Task details
Look through the data below and say how many of its lines contain "Supervisión", adding nothing else.

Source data
»»
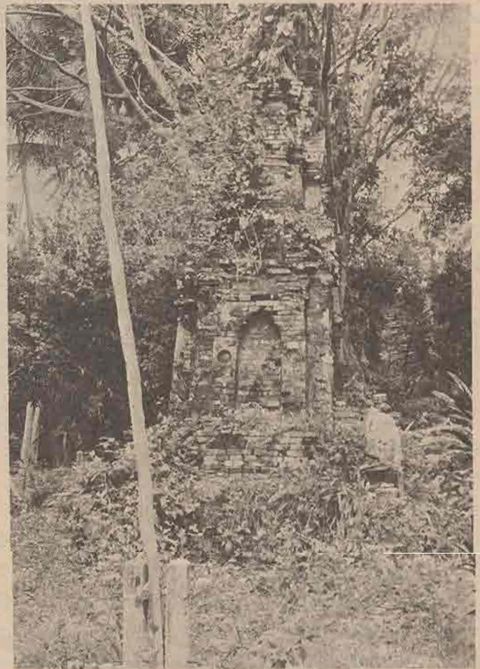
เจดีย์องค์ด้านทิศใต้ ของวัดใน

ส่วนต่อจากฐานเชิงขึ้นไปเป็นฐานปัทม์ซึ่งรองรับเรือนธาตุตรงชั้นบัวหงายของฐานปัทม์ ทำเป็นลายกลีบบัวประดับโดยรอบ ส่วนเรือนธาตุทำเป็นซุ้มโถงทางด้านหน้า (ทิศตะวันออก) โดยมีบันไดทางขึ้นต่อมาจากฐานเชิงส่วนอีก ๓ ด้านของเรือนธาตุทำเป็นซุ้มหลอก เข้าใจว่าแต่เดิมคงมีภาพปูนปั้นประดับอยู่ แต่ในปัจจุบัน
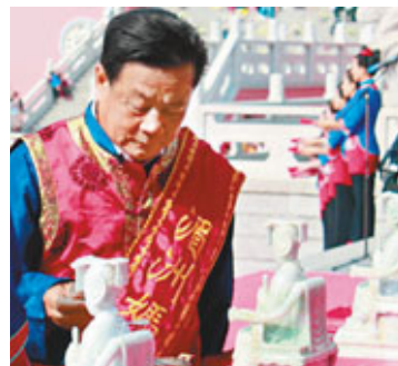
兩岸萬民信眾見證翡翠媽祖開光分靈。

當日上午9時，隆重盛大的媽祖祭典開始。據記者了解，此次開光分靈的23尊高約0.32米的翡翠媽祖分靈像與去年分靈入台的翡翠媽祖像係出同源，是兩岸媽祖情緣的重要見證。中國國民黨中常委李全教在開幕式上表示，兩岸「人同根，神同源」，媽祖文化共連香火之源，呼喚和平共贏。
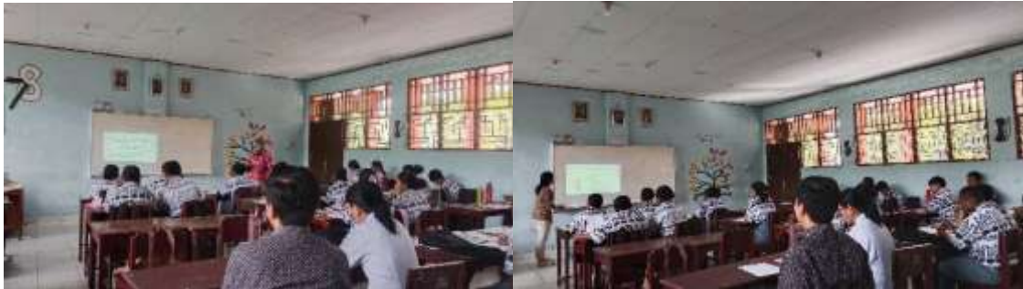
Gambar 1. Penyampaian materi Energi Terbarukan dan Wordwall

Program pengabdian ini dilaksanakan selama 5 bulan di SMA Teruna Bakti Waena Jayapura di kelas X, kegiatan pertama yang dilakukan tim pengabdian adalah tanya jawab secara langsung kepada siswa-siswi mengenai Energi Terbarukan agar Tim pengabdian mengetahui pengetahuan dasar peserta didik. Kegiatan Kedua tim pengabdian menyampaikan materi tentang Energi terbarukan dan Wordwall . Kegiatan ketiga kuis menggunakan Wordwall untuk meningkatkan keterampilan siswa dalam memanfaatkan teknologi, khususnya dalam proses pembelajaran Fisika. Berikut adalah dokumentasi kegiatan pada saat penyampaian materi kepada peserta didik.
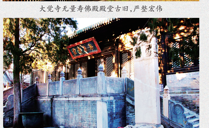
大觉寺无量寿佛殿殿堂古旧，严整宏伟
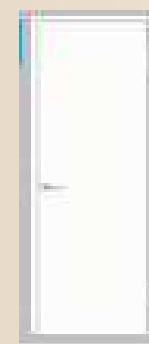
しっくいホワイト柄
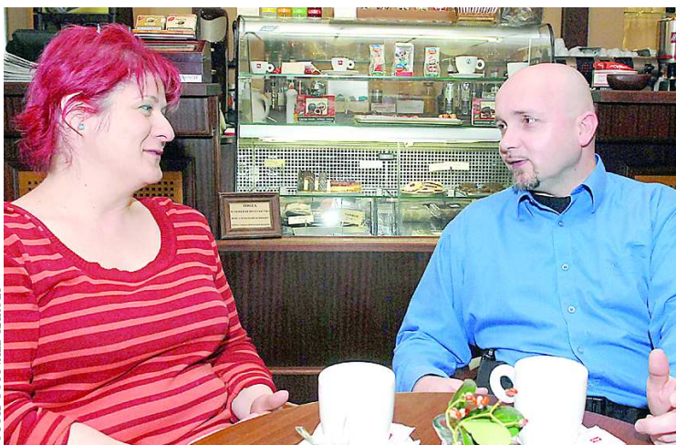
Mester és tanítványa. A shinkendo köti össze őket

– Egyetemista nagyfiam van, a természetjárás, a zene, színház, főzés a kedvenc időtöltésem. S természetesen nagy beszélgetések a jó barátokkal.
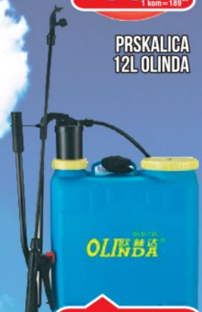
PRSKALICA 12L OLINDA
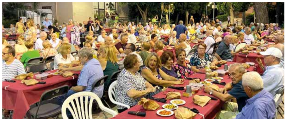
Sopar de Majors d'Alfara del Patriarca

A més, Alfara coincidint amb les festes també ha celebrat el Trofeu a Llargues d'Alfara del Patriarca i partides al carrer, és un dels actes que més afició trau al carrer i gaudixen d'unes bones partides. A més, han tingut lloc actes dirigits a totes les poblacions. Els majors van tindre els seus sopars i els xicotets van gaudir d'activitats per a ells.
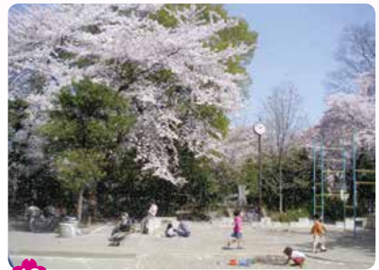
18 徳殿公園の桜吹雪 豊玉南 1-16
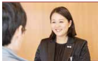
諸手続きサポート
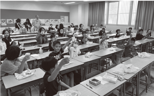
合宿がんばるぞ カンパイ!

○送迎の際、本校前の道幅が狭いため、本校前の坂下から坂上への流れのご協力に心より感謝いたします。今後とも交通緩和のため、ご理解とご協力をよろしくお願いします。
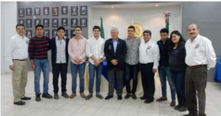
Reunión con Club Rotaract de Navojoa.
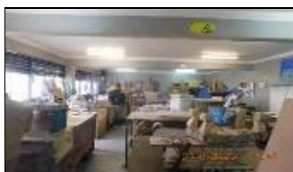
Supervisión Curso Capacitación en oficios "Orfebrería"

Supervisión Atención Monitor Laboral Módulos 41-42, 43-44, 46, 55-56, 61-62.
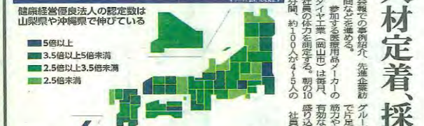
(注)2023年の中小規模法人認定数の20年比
««
Output
2